Here, we evaluated the effect of TH on patient flow by comparing dietary counseling time and patient satisfaction between groups receiving dietary counseling via TH versus FTF counseling in the time period between the time of medical and final hospital discharge.

This study had some limitations, namely: patients and dietitians were not blind to group assignments, the satisfaction questionnaire used was not validated and it was given following the dietary counseling (which could be biased by the presence of the dietitian), the fact that we did not assess retention of information following counseling, and the number of subjects was minor than estimated. Nevertheless, all participant dietitians applied the nutrition unit's standard practice guidelines for dietary counseling and were familiar with both FTF and TH groups.

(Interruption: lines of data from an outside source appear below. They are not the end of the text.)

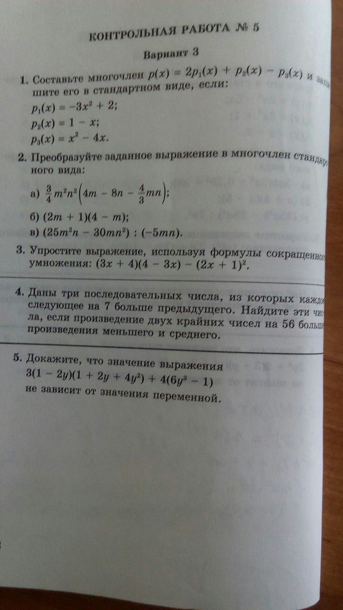 3. (3х + 4)(4 - 3х) - (2х + 1)^(2)= (4 + 3х)(4 - 3х) - (4х^2 + 4х + 1) = 16 + 9х^2 - 4х^2 - 4х - 1 = 16 + 5х^2 - 4х - 1
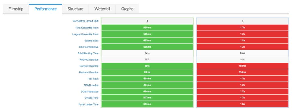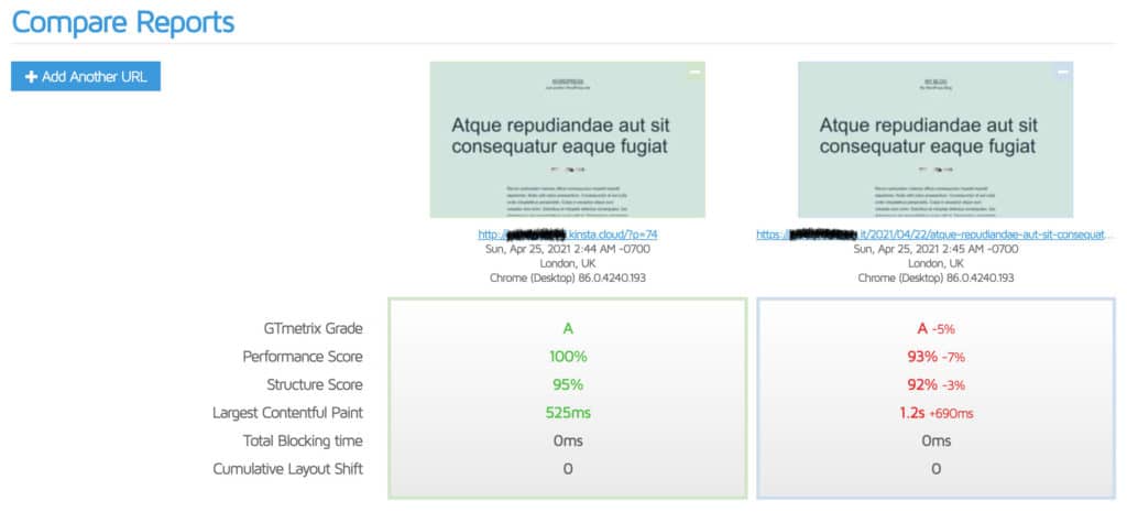 Per avere un confronto diretto tra i due ambienti di hosting, abbiamo anche eseguito dei test comparativi sul server di Londra di GTMetrix.
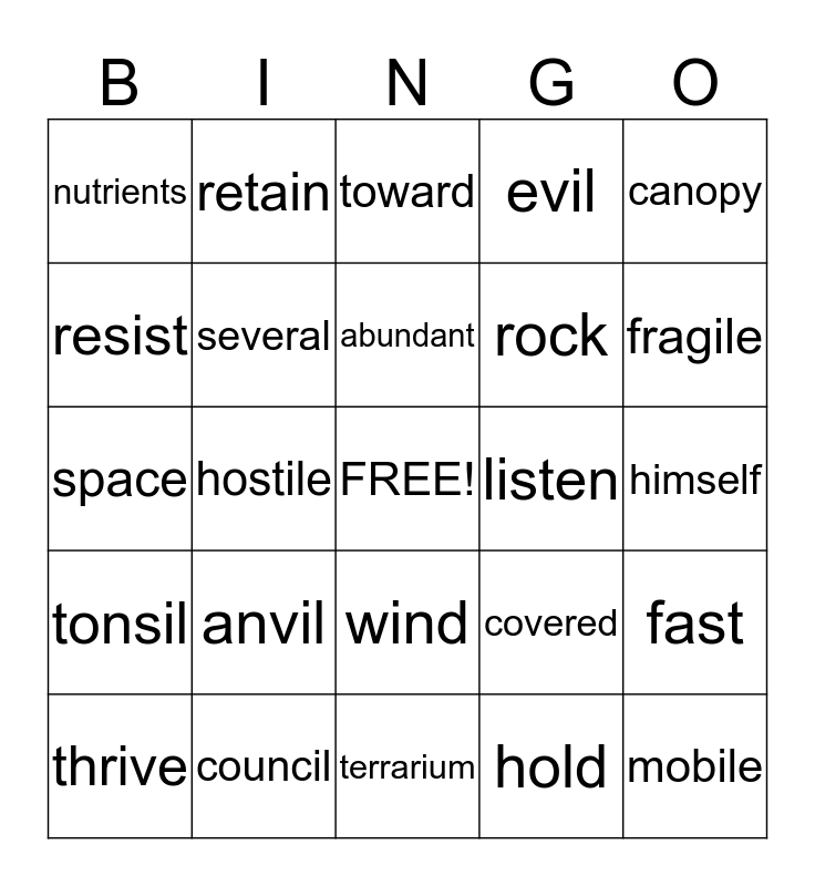 This bingo card has a free space and 24 words: anvil, council, abundant, thrive, canopy, nutrients, resist, retain, listen, wind, rock, space, covered, fast, several, hold, himself, toward, fragile, hostile, mobile, tonsil, evil and terrarium.

Although the differences in counseling duration between groups revealed by the multiple model analysis were small, TH could offer some time advantage for hospitalized patients in situations when all dietitians are on call and busy (i.e., TH care could be conducted by a dietitian assigned to the call center). In this case, the TH could contribute to improve patient flow. TH could also be used for home follow-up of patients after hospital discharge,19 allowing quick and easy answers to common questions and assessing adherence to the nutritional guidelines, especially for patients with limited mobility. In addition, including TH into dietetic practice can enhance the efficiency and quality of nutrition care and counseling delivered by dietitians.20,21

Previous studies have reported the successful use of TH for clinical nutrition in remote or rural areas.6–8,22–25 As mentioned above, while our study took place in an urban setting, TH could be particularly useful when the number of available professionals is limited26,27 or where transportation within a large metropolitan area is difficult. Increased use of TH has been seen during the current COVID-19 health crisis. Currently, TH visits also offer the ability to keep patients and health care providers safe, and allow for the continued care of patients.28

Conclusions

Although the FTF group had a greater overall satisfaction relative to the TH group, TH proved to be a useful tool for dietary counseling. There is a growing interest in the use of TH and future studies should continue to test its efficiency and ideal applicability.

Abbreviations Used

FTF

face to face

IQR

interquartile range

TH

telehealth

Author Disclosure Statement

No competing financial interests exist.

Funding Information

No funding was received for this article.

Cite this article as: Shima M, Piovacari SMF, Steinman M, Pereira AZ, dos Santos OFP (2022) Telehealth for nutritional care: A tool for improving patient flow in hospitals, Telemedicine Reports 3:1, 117–124, DOI: 10.1089/tmr.2021.0054.